* **GOAL OF THE EXERCISE**
Look through the listing below for the line containing "兩三事高腰a字短裙女2025夏季新款小個子設計感顯瘦裙褲星河行川". Copy it and each line after it up to and including the line containing "AGV technology - automated", exactly, leaving out pictures.

* **EXTRACTED MATERIAL**
#####

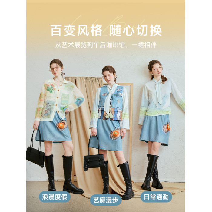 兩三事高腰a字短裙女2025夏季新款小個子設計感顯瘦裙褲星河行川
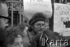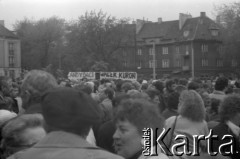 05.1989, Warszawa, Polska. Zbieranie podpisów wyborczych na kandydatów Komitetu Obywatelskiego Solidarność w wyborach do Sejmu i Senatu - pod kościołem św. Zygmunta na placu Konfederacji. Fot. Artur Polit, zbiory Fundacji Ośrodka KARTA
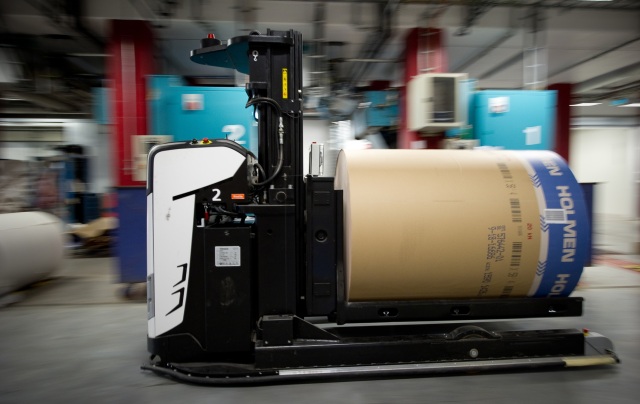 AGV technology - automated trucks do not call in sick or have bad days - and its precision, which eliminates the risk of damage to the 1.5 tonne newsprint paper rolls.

#####

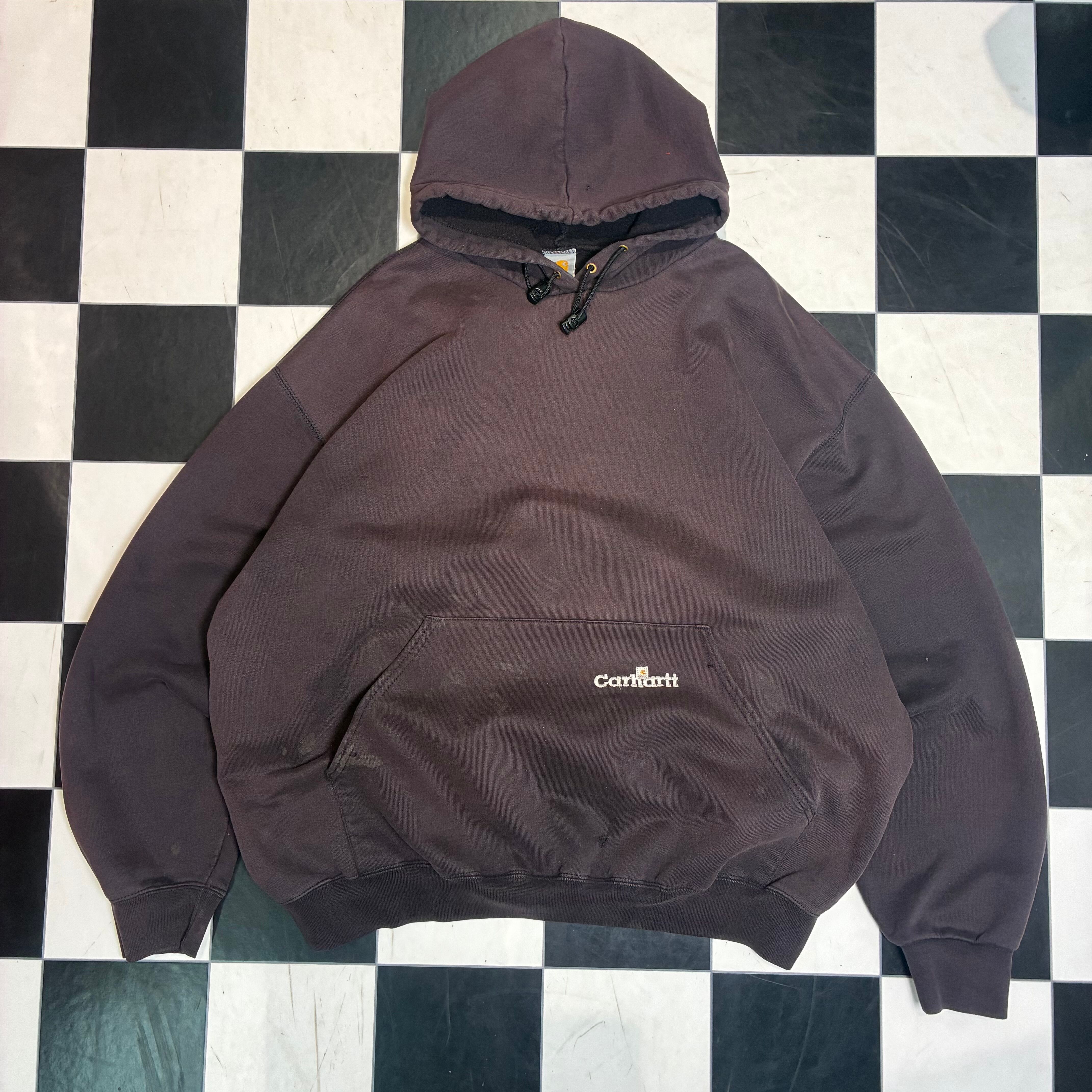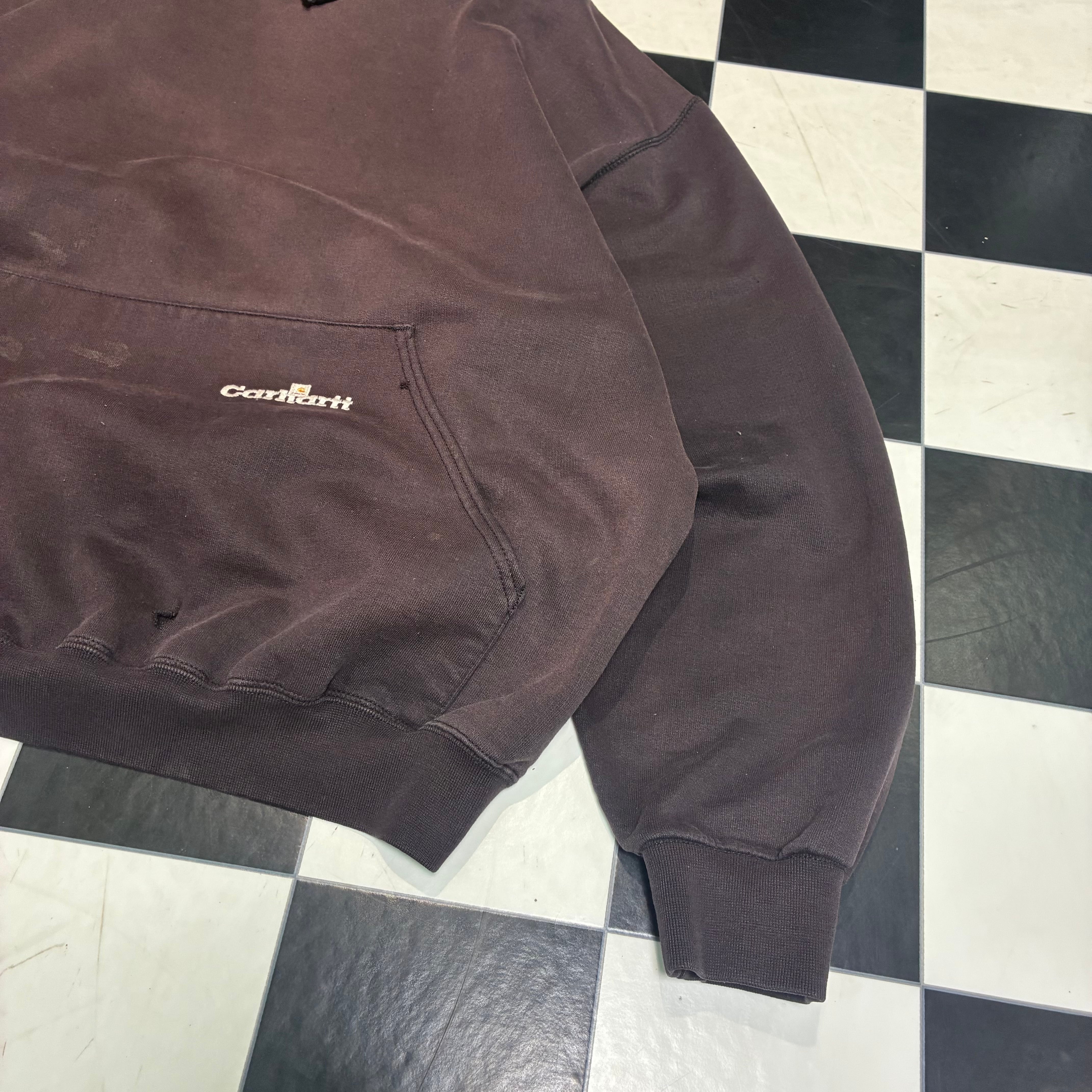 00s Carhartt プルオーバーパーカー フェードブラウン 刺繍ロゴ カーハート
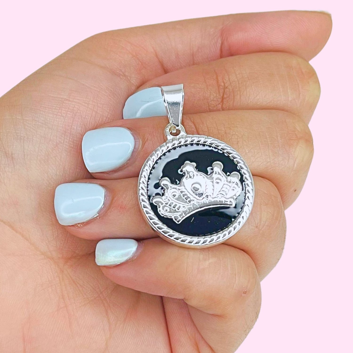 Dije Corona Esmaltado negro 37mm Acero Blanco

#####

* **RESULT OF THIS TASK**
 兩三事高腰a字短裙女2025夏季新款小個子設計感顯瘦裙褲星河行川
 05.1989, Warszawa, Polska. Zbieranie podpisów wyborczych na kandydatów Komitetu Obywatelskiego Solidarność w wyborach do Sejmu i Senatu - pod kościołem św. Zygmunta na placu Konfederacji. Fot. Artur Polit, zbiory Fundacji Ośrodka KARTA
 AGV technology - automated trucks do not call in sick or have bad days - and its precision, which eliminates the risk of damage to the 1.5 tonne newsprint paper rolls.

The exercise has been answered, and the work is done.